Tra i personaggi creati per la Maramotti c’è Ada the Alien: una danzatrice con il suo bel volto, le movenze feline delle donne africane e sotto l’abito fluido un piede scalzo che spunta in posa. Una figura che si direbbe preannunciare la svolta ormai in atto dell’artista figurativa in coreografa e performer. Se in altre sue mostre il gesto dell’artista impegnata a dipingere si faceva danza, alla Maramotti, il giorno dell’inaugurazione (domenica 20 giugno, su invito e online) Ruby Onyinyechi Amanze si esibirà in una vera e propria performance di danza, una coreografia che pur dialogando con l’opera esposta avrà anche vita autonoma. Un nuovo inizio che porterà forse l’artista dalle gallerie espositive ai palcoscenici dei teatri. Resta da vedere che cifra saprà trovare la nuova coreografa, se internazionale con il tocco anglosassone dei paesi dov’è cresciuta, o segnato dalla memoria delle sue radici afro. Proprio come un personaggio del dipinto della Collezione Maramotti, Audre the leopard: nuotatore con muso felino.
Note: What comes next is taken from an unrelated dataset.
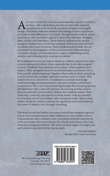 Actively listening and building bridges among students, teachers, and communities provides learners with authentic opportunities to be involved, invested, and ignite meaningful change. This book celebrates students' first-tellings of their experiences as "students with differences" in schools. Throughout the authors' school experiences, they yearned for spaces to share their expertise, thoughts, ideas, talents, and aspirations. These authors emphasize the need to recognize student voice, which they contend, should permeate all levels of collaborative work in schools. These collaborations include, but are not limited to the integration of diverse assessments, differentiation, curriculum design, arts-based projects, inquiry, establishing school policies, and evaluating daily practices in schools. What students have to say matters. However, authors reiterate how often schools attempted to silence them, especially due to the label assigned to them: "disabled." How students learn matters. What students learn matters. Their untapped sense of wonderment plays a pertinent role in their growth and development. Together, these authors utilize artmaking to express how they navigate oppressive systems, such as school. They contend there is a need for K-12 students to co-create knowledge and build bridges among themselves, educators, families, and diverse communities. Their new ways of knowing through this artmaking process afforded them with a renewed relevance for learning and the need to promote authentic school reform. Bottom line: students matter. Their leadership, creativity, and capacity to think system-wide are essential to classroom, school, curriculum, and community needs. These young authors stress the need to continue this significant work and emphasize the power of student voice through artmaking.

Ruby Onyinyechi Amanze. Foto Sahar Coston-Hardy

© © Sahar Coston-Hardy

(Informazioni) www.collezionemaramotti.org

Stefania Ballone e Chiara Ameglio a Milano

La danza entra invece al PAC, il Padiglione d’Arte Contemporanea di Milano, per suggerire una nuova visione, ragionata ed emotiva insieme, di una mostra in corso. In Tracce di sé, il 22 giugno alle 18.30, la performance costruita intorno alle fotografie diLuisa Lambri (esposte fino al 19 settembre) ne amplifica estetica e senso. Un intento che ci spiega Stefania Ballone, ballerina al Teatro alla Scala, che insieme a Chiara Ameglio, danzatrice della compagnia Fattoria Vittadini, firma e interpreta le coreografie. «La nostra idea è traghettare il pubblico in un’esperienza visiva e sonora attraverso il percorso espositivo, dall’ingresso, alle sale, fino al parco adiacente. Ci ha subito colpite l’armonia tra il disegno architettonico dell’edificio e la natura che appare dalla grande vetrata, riecheggiata dalle fotografie in mostra, il cui sguardo apre orizzonti altri e nuovi punti di vista». Il richiamo della natura addomesticata dall’urbanistica cittadina risuona potente, anche grazie alla presenza di un’altra artista, coinvolta dalle coreografie stesse: la vocalist israeliana Yifeat Zif, che nel brano The Amazonian tracesof self integra ai suoni della foresta amazzonica musica brasiliana, metallica, digitale, con citazioni da John Cage e Meredith Monk. «Una musica immersiva che accompagna me e Chiara nella seconda parte del nostro percorso, quando dopo aver abitato ognuna una stanza, ci ritroviamo sulla passerella del Pac e ci scambiamo frasi coreografiche». Una corrispondenza che anche i costumi mettono in risalto, per l’occasione firmati da Stephan Janson che li ha pensati proprio sulle due interpreti. Stefania, che da tempo indossa le creazioni dello stilista nelle sue coreografie, li descrive come speculari nello scarto di alcuni dettagli, essenziali eppure eleganti, finemente tagliati, con tessuti che si muovono fluidi e luminosi sul corpo.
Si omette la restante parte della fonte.